**Material supplied:**
_ _ _ _ _ _ _

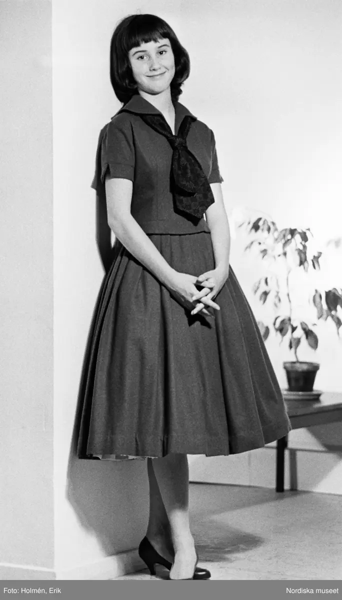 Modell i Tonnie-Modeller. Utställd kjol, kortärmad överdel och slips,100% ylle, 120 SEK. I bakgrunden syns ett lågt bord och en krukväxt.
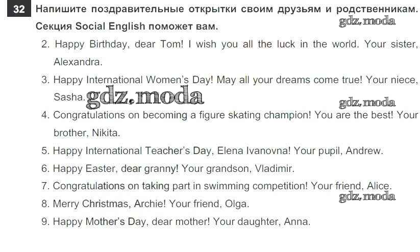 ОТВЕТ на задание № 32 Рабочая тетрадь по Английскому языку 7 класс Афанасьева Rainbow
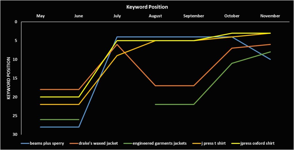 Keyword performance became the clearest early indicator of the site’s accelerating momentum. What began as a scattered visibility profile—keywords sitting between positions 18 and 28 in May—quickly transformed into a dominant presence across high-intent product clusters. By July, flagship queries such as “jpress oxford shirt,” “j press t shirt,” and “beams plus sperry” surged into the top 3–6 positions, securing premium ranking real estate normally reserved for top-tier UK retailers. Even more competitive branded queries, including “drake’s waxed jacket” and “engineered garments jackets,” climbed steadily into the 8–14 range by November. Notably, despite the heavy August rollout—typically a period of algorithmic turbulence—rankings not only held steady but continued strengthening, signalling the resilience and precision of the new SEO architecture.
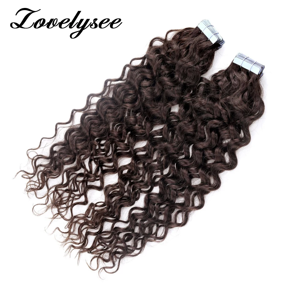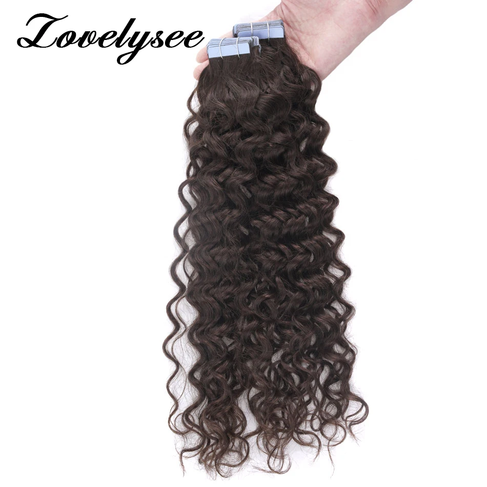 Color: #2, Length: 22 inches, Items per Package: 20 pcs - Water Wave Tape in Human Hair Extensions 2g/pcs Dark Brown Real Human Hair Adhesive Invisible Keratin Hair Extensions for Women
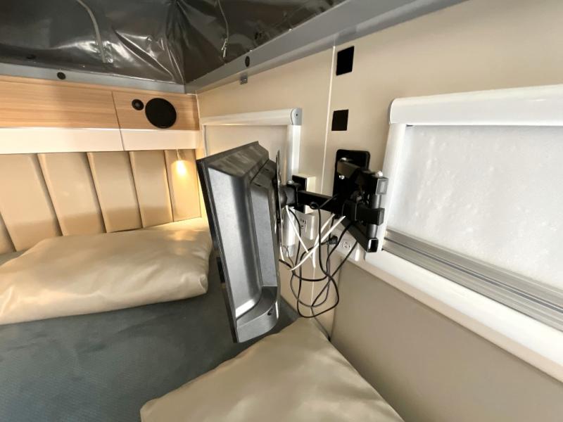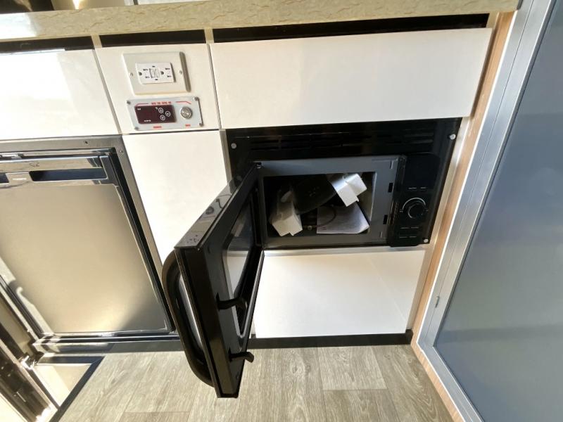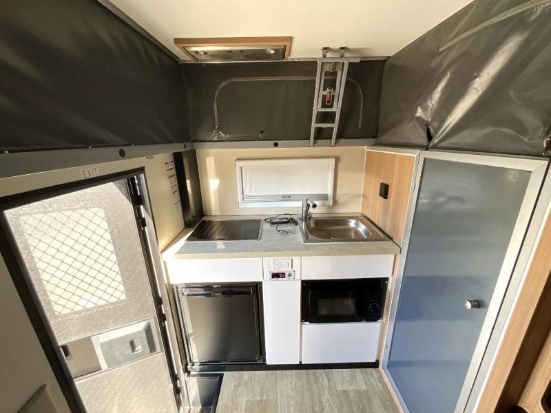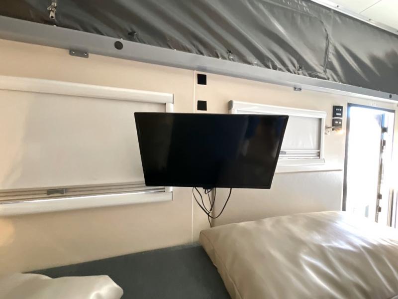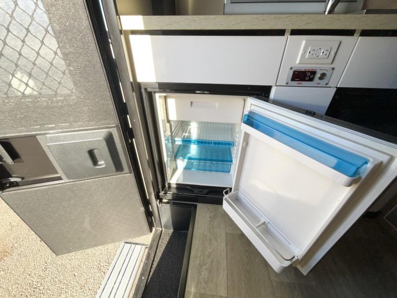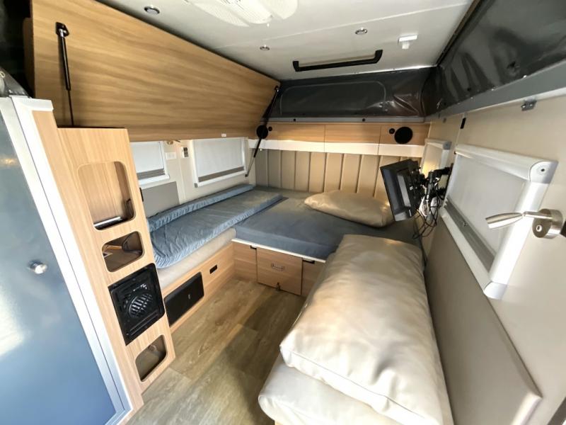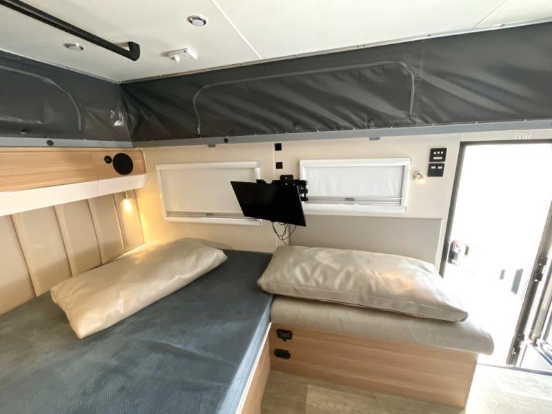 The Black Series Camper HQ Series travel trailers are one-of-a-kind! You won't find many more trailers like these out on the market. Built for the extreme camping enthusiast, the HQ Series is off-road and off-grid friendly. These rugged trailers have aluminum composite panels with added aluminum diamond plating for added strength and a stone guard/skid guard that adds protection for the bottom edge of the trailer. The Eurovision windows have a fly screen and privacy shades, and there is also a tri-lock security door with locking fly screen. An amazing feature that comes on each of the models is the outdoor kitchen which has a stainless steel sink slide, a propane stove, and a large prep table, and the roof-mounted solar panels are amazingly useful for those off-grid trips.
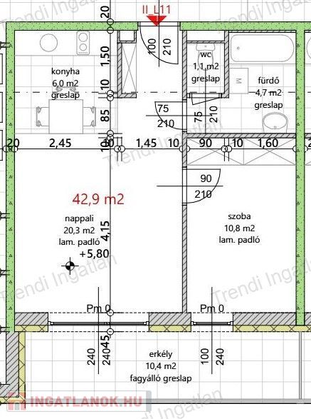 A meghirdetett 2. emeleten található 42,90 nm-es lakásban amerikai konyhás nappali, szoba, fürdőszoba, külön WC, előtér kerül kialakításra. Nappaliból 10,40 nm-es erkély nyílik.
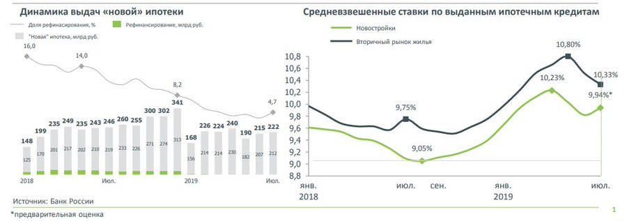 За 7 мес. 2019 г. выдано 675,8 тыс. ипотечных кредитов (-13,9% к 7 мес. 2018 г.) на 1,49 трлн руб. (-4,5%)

_ _ _ _ _ _ _

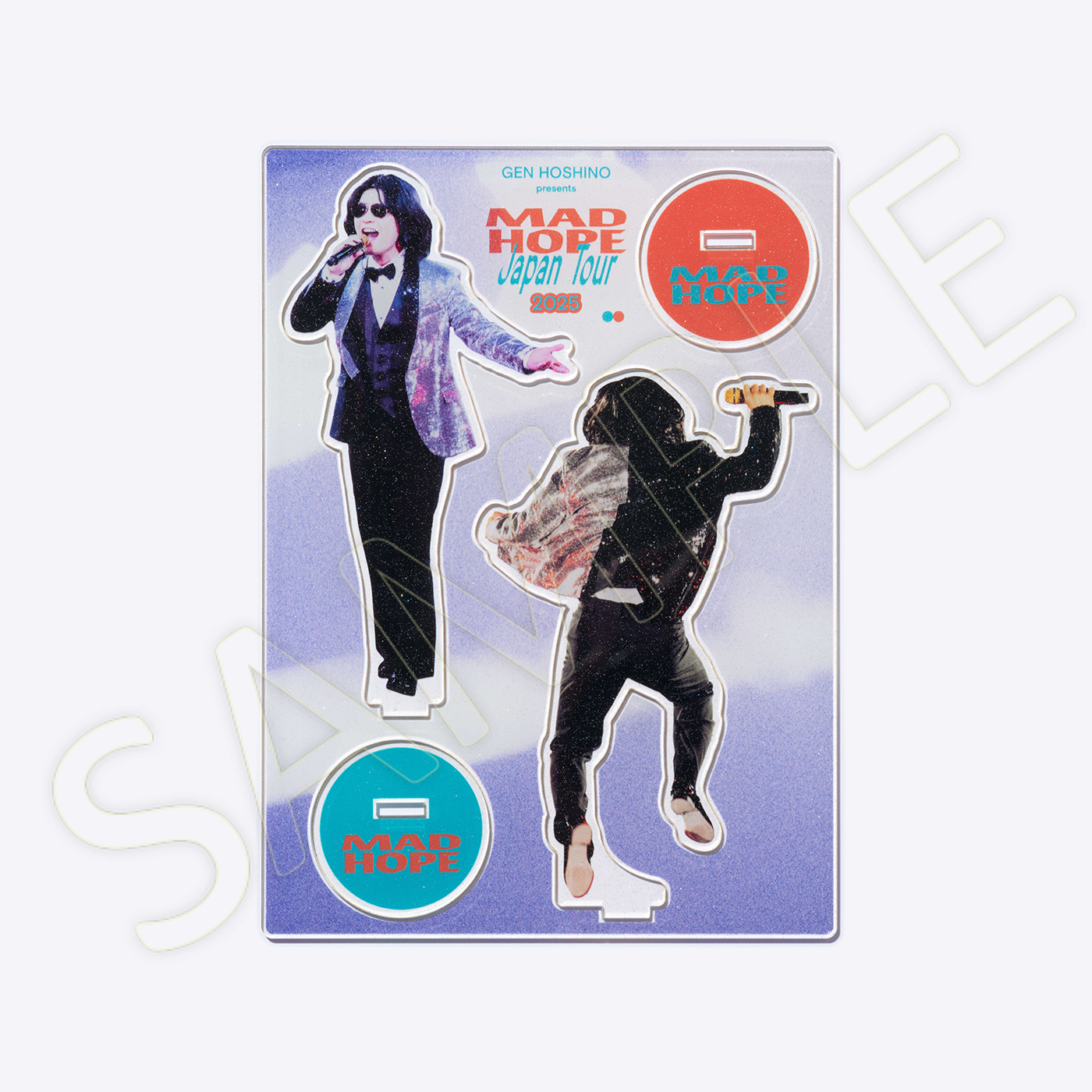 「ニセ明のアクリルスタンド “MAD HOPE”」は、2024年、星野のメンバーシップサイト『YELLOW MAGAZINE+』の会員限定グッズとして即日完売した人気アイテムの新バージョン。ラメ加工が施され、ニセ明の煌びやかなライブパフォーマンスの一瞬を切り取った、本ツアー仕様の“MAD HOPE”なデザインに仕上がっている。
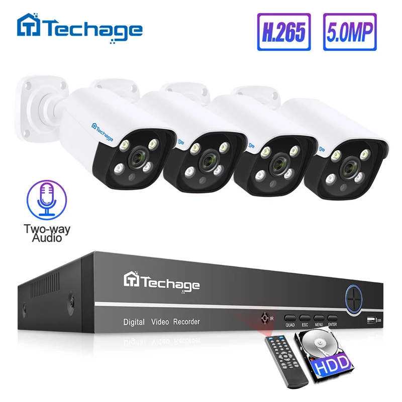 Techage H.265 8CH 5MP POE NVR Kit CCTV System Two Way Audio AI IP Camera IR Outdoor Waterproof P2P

_ _ _ _ _ _ _

Above is the material; set down exactly its lines from the one containing "Modell i Tonnie-Modeller." down to the one containing "ОТВЕТ на задание", both included, leaving out any pictures.

 Modell i Tonnie-Modeller. Utställd kjol, kortärmad överdel och slips,100% ylle, 120 SEK. I bakgrunden syns ett lågt bord och en krukväxt.
 ОТВЕТ на задание № 32 Рабочая тетрадь по Английскому языку 7 класс Афанасьева Rainbow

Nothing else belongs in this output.